Ce qui distingue cette procédure des autres voies judiciaires, c’est sa nature non contradictoire dans un premier temps : le juge statue sur la demande sans convoquer ni entendre le débiteur. La décision est rendue sur la base des seules pièces transmises par le créancier, ce qui accélère considérablement le traitement du dossier.
Cette procédure ne doit pas être confondue avec l’injonction de faire, qui sert à contraindre une personne à exécuter une obligation contractuelle (livrer un bien, réaliser une prestation). L’injonction de payer, elle, concerne uniquement le recouvrement d’une somme d’argent.
L’injonction de payer s’oppose au recouvrement amiable : dans ce dernier cas, créancier et débiteur trouvent un accord sans intervention judiciaire (lettre de mise en demeure, protocole de paiement, médiateur). L’injonction de payer n’intervient qu’en cas d’échec de ces démarches préalables.
Quelles créances sont concernées ?
La procédure est adaptée à un large spectre de créances contractuelles :
- Factures impayées ;
- Reconnaissances de dette ;
- Loyers en retard ;
- Remboursement d’emprunt ;
- Charges de copropriété ;
- Actes de commerce (lettre de change, billet à ordre, bordereau Dailly…).
En revanche, elle ne peut pas être utilisée pour récupérer une pension alimentaire impayée ni pour un chèque sans provision.
La créance doit être certaine (son existence ne doit pas être contestable), liquide (son montant doit être déterminé ou facilement déterminable) et exigible (le délai de paiement doit être écoulé).
Quelle différence avec la procédure simplifiée de recouvrement ?
Pour les créances inférieures à 5 000 €, il existe une alternative encore plus rapide : la procédure simplifiée de recouvrement, pilotée directement par un commissaire de justice (anciennement huissier).
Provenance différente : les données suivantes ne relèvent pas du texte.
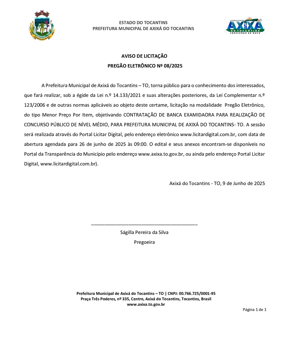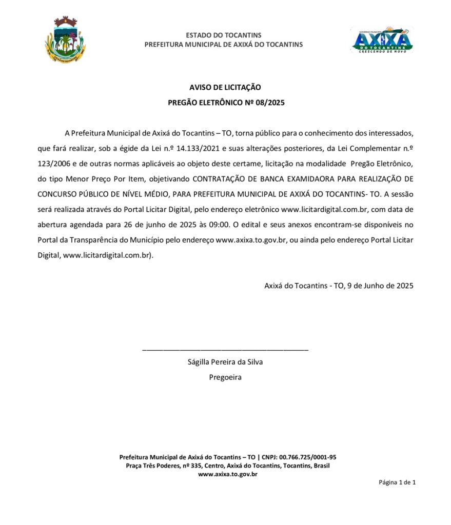 Publicidade Publicidade Geral PREFEITURA DE AXIXÁ DO TO – AVISO DE LICITAÇÃO PREGÃO ELETRÔNICO Nº 08/2025 By Folha do Bico 10 de junho de 2025 0 117 Share WhatsAppPrintTelegramFacebookTwitterCopy URL Folha do Bico Noticias Relacionadas PREFEITURA DE MAURILÂNDIA DO TO – ATO AVISO DE CONCORRÊNCIA ELETRÔNICA Nº 06/2025 – REPUBLICAÇÃO 2 de dezembro de 2025 PREFEITURA DE MAURILÂNDIA DO TO – ATO AVISO DE CONCORRÊNCIA ELETRÔNICA Nº 05/2025 – REPUBLICAÇÃO 2 de dezembro de 2025 PREFEITURA DE MAURILÂNDIA DO TO – ATO AVISO DE CONCORRÊNCIA ELETRÔNICA Nº 04/2025 – REPUBLICAÇÃO 2 de dezembro de 2025 Share WhatsAppPrintTelegramFacebookTwitterCopy URL Previous articlePREFEITURA DE AXIXÁ DO TO – AVISO DE LICITAÇÃO PREGÃO ELETRÔNICO Nº 07/2025Next articleTOCANTINÓPOLIS: Operação desarticula organização criminosa de alcance nacional - Advertisement - - Advertisement - Ultimas noticias AUGUSTINÓPOLIS: Vigilante de abrigo é preso suspeito de abusar duas crianças 4 de dezembro de 2025 SÃO MIGUEL: Lixão é fechado e passa a ter acesso controlado sob novas diretrizes ambientais 4 de dezembro de 2025 ARAGUATINS: Insatisfeitos, Abmael, Chico Moura e Rafael Oliveira passam a votar com a oposição e complicam gestão Aquiles 4 de dezembro de 2025 ARAGUATINS: Com voto decisivo e comando da oposição, Airton se torna principal contraponto à gestão Aquiles 4 de dezembro de 2025
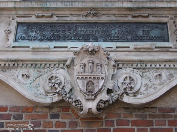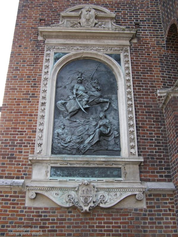 м. Краків. Меморіальна дошка королю Яну Собеському на фасаді Маріацького костелу.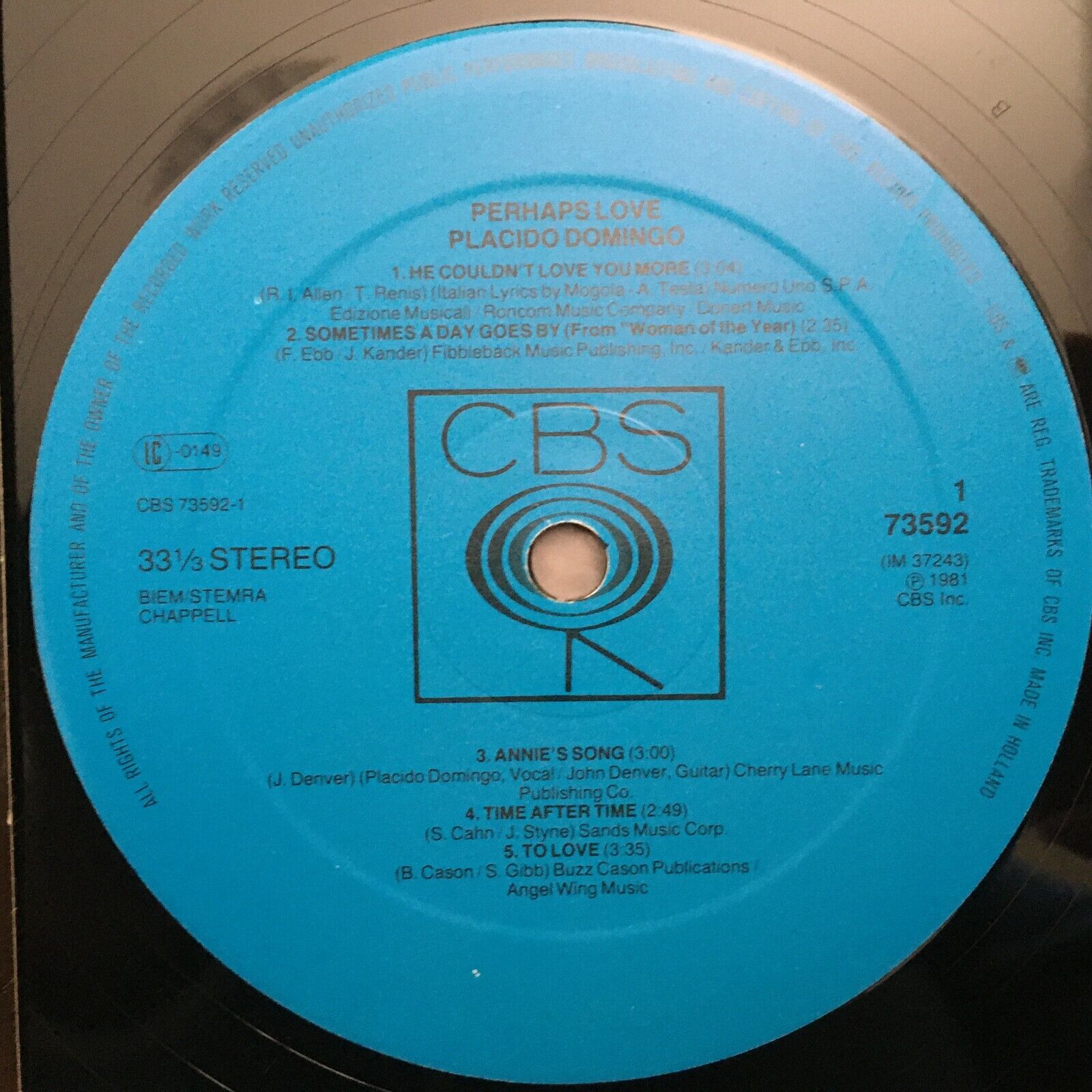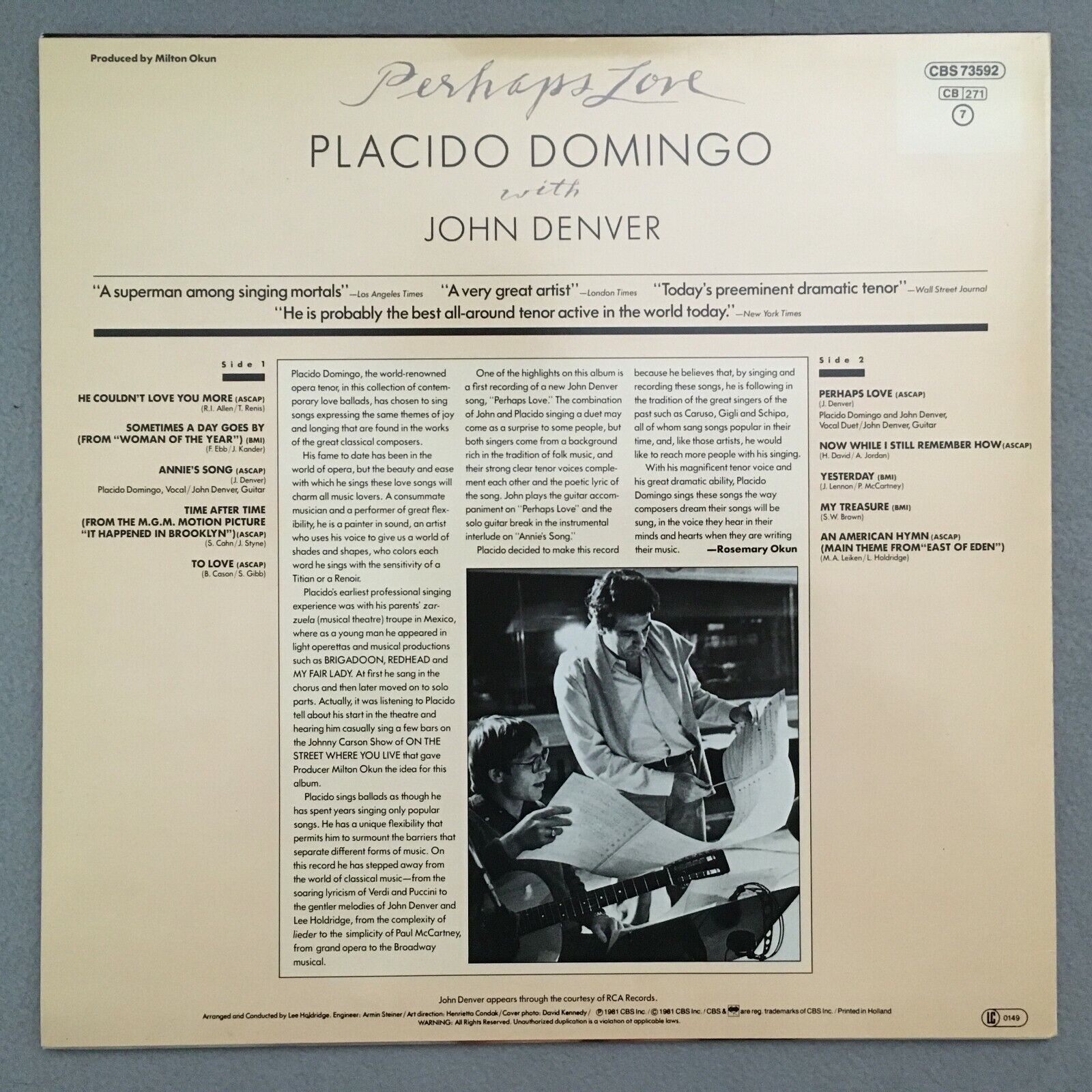 S678 Perhaps Love Placido Domingo with John Denver CBS 73592 Stereo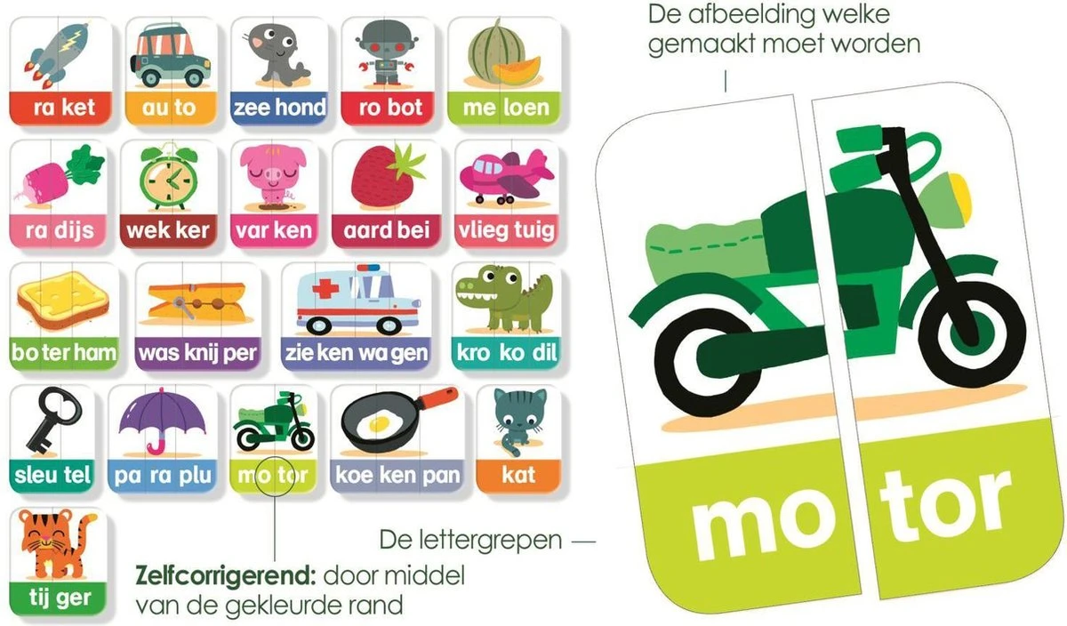 Met Ik Leer Lettergrepen leren kinderen spelenderwijs lettergrepen benoemen, woordjes vormen en de woordenschat vergroten. De woordjes zijn in 1, 2, 3 of 4 lettergrepen opgeknipt. Herken jij de klanken? Verbind de lettergrepen om zo een woord te vormen.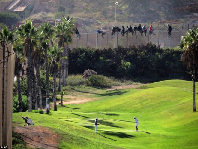 Bức ảnh này được chụp vào tháng 10/2014. Trong đó là hình ảnh một số người đang chơi golf tại khu vực Melilla, Tây Ban Nha, phía sau họ là hình ảnh vài người dân nhập cư đang nỗ lực vượt qua bức tường ngăn cách từ phía Morocco.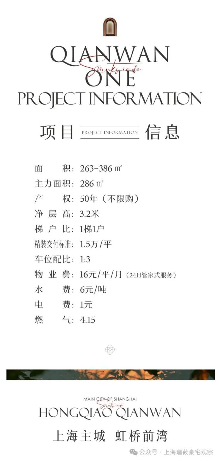 虹桥前湾精装公寓「前湾壹号」推出263-386平!一梯一户!不限购通燃气!样板间已开放,私信小编线上预约制看房。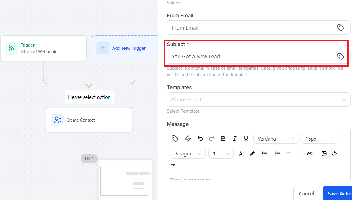 - Click “Save Action”

Elle ne nécessite pas de saisir le tribunal. Si le débiteur accepte, un accord est formalisé et vaut titre exécutoire. S’il refuse ou ne répond pas dans le délai imparti, il faudra alors basculer vers l’injonction de payer classique.
Qui peut utiliser l’injonction de payer et dans quelle juridiction ?
Toute personne physique ou morale peut engager une injonction de payer dès lors qu’elle détient une créance éligible. La question qui se pose ensuite est celle du tribunal compétent, qui varie selon la nature de la relation entre les parties.
Tribunal judiciaire ou juge des contentieux de la protection
Le tribunal judiciaire est compétent lorsque la créance concerne une relation entre un professionnel et un particulier (un loyer impayé, un crédit à la consommation) ou entre deux particuliers.
Pour les litiges en lien avec des loyers et charges impayés ou un crédit à la consommation c’est le juge des contentieux de la protection qui est saisi.
Tribunal de commerce
Dès lors que la créance est née d’un acte de commerce entre deux professionnels, le tribunal de commerce est la juridiction compétente. C’est le cas le plus fréquent pour les indépendants et dirigeants : factures inter-entreprises, impayés sur des prestations B2B, litiges commerciaux.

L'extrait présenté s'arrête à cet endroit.